Since solar shingles are a structural part of your house roof, manufacturing and installing them is not a simple task that has to be thoroughly analyzed to match your energy requirements, thus, it’s costly.

On the other hand, the simple manufacturing process of shingled solar panels makes them much less expensive than solar shingles. The smaller current in the cells also offers opportunities to reduce the cell manufacturing costs by a reduction in the usage of silver.

Easier Maintenance

Shingled panels require very little to no maintenance to function. The only thing they need is a periodic cleaning to make sure dirt, leaves, and other debris aren't obstructing the sunlight. The only time you may need more extensive maintenance is during periods of extreme weather conditions like heavy snowfall.

Solar shingles have more difficult maintenance.

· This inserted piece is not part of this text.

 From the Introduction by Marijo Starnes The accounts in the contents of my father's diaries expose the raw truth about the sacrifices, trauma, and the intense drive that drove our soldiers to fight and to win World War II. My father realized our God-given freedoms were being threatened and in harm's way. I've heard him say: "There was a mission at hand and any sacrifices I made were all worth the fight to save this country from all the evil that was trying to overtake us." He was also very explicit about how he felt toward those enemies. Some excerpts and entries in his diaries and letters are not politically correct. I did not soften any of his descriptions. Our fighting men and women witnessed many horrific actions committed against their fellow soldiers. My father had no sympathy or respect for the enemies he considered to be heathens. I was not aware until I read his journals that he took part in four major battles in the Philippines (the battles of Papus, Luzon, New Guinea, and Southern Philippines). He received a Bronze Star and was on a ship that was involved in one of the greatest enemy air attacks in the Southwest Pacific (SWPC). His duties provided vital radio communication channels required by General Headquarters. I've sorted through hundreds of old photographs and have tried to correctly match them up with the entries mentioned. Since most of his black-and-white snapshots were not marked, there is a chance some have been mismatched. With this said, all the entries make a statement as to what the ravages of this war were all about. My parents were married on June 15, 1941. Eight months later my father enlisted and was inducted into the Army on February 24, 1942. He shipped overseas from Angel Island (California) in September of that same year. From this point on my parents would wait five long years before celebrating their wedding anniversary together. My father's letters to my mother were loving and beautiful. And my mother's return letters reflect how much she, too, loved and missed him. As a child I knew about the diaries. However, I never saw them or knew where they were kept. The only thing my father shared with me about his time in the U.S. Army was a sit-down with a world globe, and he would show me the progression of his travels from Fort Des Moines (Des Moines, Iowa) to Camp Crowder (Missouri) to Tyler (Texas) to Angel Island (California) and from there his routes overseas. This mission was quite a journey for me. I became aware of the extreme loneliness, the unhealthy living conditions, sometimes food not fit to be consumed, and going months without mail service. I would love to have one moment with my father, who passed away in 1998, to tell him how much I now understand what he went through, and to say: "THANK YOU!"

Since they are integrated into the building, if one shingle cell gets damaged, it will result in a much bigger issue to replace it.

Is it for you?🤔

Long story short, solar shingled panels are a great option to consider, mainly in the residential market, so it is applicable to any homeowner who wants to have solar on the roof just as with traditional modules.

Considering all the benefits of using them, such as enhanced power production, highly efficient energy conversion, great reliability, and improved aesthetics, this makes them valuable products that can improve your carbon footprint and lead to energy savings.

Finally, as the technology develops, prices in the market are expected to decrease thanks to the economics of scale as more and more brands start manufacturing this type of module, meaning we can expect to see this technology covering a bigger market share.